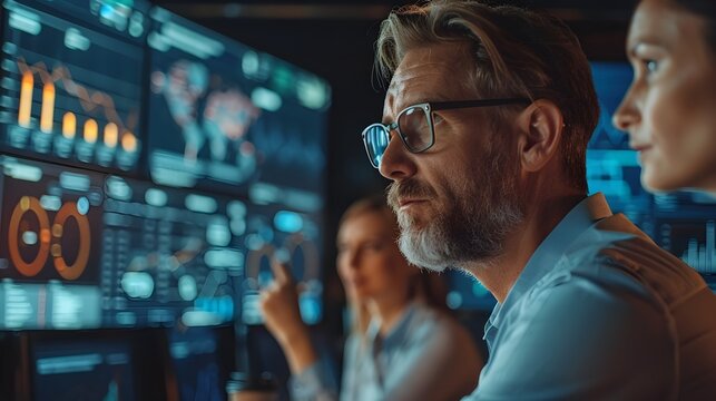 Over-the-shoulder view of an analyst pointing at a vibrant 3D chart on a large monitor, with detailed graphs displayed on additional screens in a tech workspace
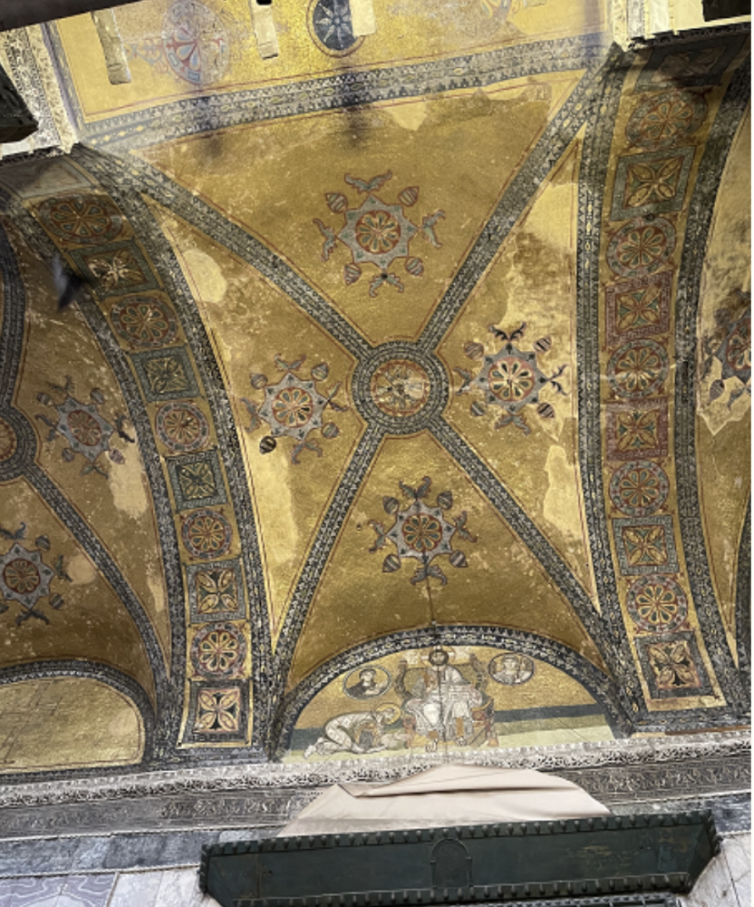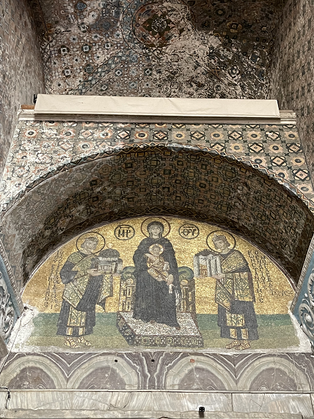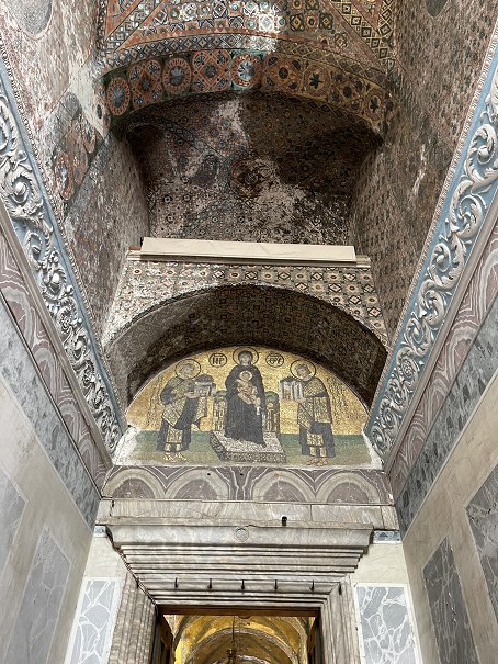 拜占庭风格的回廊上方的马赛克镶嵌壁画还清晰可见。 这幅画表现的是奉献君士坦丁堡城市模型和圣索菲亚大教堂模型给圣母玛丽亚和耶稣(圣母玛利亚位于中央,小耶稣坐在母亲的膝盖上,两边分别是君士坦丁一世和查士丁尼一世)。
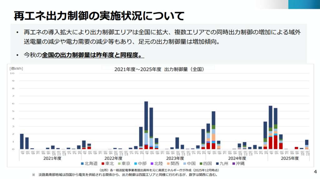 再エネ導入拡大に伴い、出力制御の実施エリアは全国に広がり、複数エリアで同時に制御が行われるケースが増加している。足元では域外送電量の減少や電力需要の低下も重なり、出力制御量は増加傾向にあるものの、2025年秋時点の全国の制御量は前年度と同程度と整理された。

REQUIRED ACTION: Pictures are to be dropped, and the remaining data set down exactly.

RESPONSE AREA:
 Over-the-shoulder view of an analyst pointing at a vibrant 3D chart on a large monitor, with detailed graphs displayed on additional screens in a tech workspace
 拜占庭风格的回廊上方的马赛克镶嵌壁画还清晰可见。 这幅画表现的是奉献君士坦丁堡城市模型和圣索菲亚大教堂模型给圣母玛丽亚和耶稣(圣母玛利亚位于中央,小耶稣坐在母亲的膝盖上,两边分别是君士坦丁一世和查士丁尼一世)。
 再エネ導入拡大に伴い、出力制御の実施エリアは全国に広がり、複数エリアで同時に制御が行われるケースが増加している。足元では域外送電量の減少や電力需要の低下も重なり、出力制御量は増加傾向にあるものの、2025年秋時点の全国の制御量は前年度と同程度と整理された。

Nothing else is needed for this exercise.